The Range of Reason
- First edition
- Author: Jacques Maritain
- Language: English
- Genre: Essay collection
- Publisher: Scribner
- Publication date: 1952

= The Range of Reason =

1952 book by Jacques Maritain

The Range of Reason is a 1952 book of essays by the Catholic philosopher Jacques Maritain. The text presents a Thomist philosophy regarding religion and morality. It contains a study of Atheism, titled "The Meaning of Contemporary Atheism", which has had a considerable impact on Catholic views of Atheism.

==Essays==

===On Human Knowledge===
In this essay, Maritain considers empiricist epistemology. While he acknowledges that sense-data plays an important part in human knowledge of the world, he rejects the thesis that the real does not exist or cannot be known, because he believes that the intellect can transcend sensory experience to perceive the noumenal world.

===On Artistic Judgement===
Maritain here supports the theory that the aesthetic carries a "hidden truth", as an expression of the fundamental individuality of the artist.

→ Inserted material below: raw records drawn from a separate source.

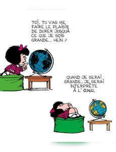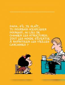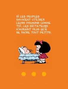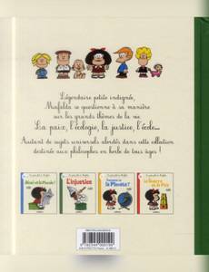 La petite philo de Mafalda : Mafalda se pose beaucoup de questions. Beaucoup trop, ce qui ne manque pas d'exaspérer ses proches. Ceux-ci, souvent dépassés par la maturité de l'enfant, ne savent pas répondre à ses interrogations toujours plus nombreuses. En 2014, Mafalda fête ses 50 ans ! Cette gamine à la tignasse brune, curieuse et avide de découvrir le monde, est devenue un emblème dans son pays d'origine, l'Argentine, mais aussi dans le monde entier ! En cinq décennies, elle aura marqué le monde de la bande dessinée grâce à son humour subtil et l'engagement contestataire de son auteur. À l'occasion de cet anniversaire exceptionnel, P'tit Glénat lance une série d'albums jeunesse pour faire partager aux tout-petits la philosophie et les initier aux grandes questions à travers le prisme de la petite héroïne intemporelle de Quino ! Ainsi, « La petite philo de Mafalda » comprendra 8 albums sur des thématiques universelles, dont les 4 premiers paraîtront en janvier 2014. La justice : S'il y a bien une chose au monde que Mafalda ne supporte pas (à part la soupe), c'est bien l'injustice. Que ce soit dans ses exposés de classe, dans la cour de récré ou à la maison, elle ne manque pas de nous le rappeler ! Alors pourquoi laisser la justice aux grands s'ils n'y comprennent rien ?
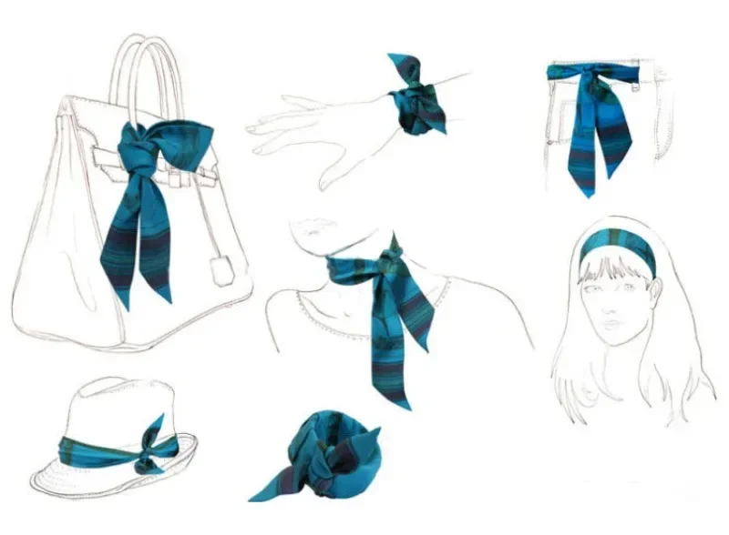2024 New Luxury Plain Butterfly Woman Decorative Fashion Ribbon Tie Bag Silk Scarf Small Scarf Headband
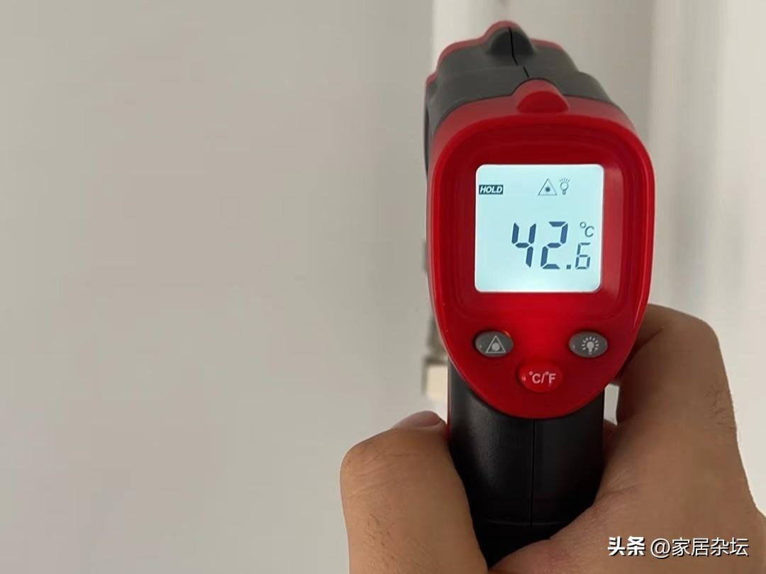先測供回水溫度,確認是否達到暖氣片的供水的基本要求。
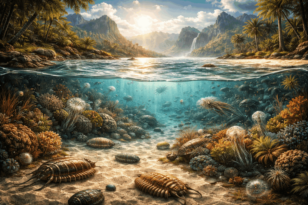 今から5億4200万年ほど前のカンブリア紀になると、海中には多様な生物があふれるようになりました。カンブリア紀に誕生した多くの生物は、体を動かすために神経細胞が集合した「神経節」を獲得していました。

===The Meaning of Contemporary Atheism===
Maritain introduces various terms to distinguish the beliefs of atheists. These terms are:

- Absolute atheist - one who denies the existence of the god in whom believers actually believe
- Negative atheist - one who rejects the idea of God
- Positive atheist - one who challenges all aspects of God and is an antitheist
- Practical atheist - one who claims belief in God, yet whose actions contradict this claim
- Pseudo-atheist - one who claims atheism, but unconsciously believes in God
- Real atheist - one who denies the existence of God and follows a pseudo-morality rather than Divine law

====Absolute atheist====
The absolute atheist does not lack belief in God, but rather constantly challenges and fights against God. Those described as such never stop thinking about God in order to liberate themselves from anything that connotes God.

====Practical atheist====
Practical atheists prefer to be seen as adherents to religious faith for selfish reasons, yet deny the gospels by lacking concern for the well-being of others.

====Pseudo-atheist====
The pseudo-atheist believes that he or she is an atheist, but unconsciously believes in God. According to Maritain, the "God" whose existence is denied is not God, but rather a being of reason, a nonexistent entity which he or she has mistakenly labeled as God. Thus, the pseudo atheist actually denies an entity that is self-evidently nonexistent or that necessitates negative consequences for nature or humanity.

====Real atheist====
The real atheist denies the "God Who is the authentic object of reason and of faith and Whose authentic idea [the atheist's] mind misuses." Maritain states the morality of the real atheist is but a false idol of the "separate Good," which is God's morality.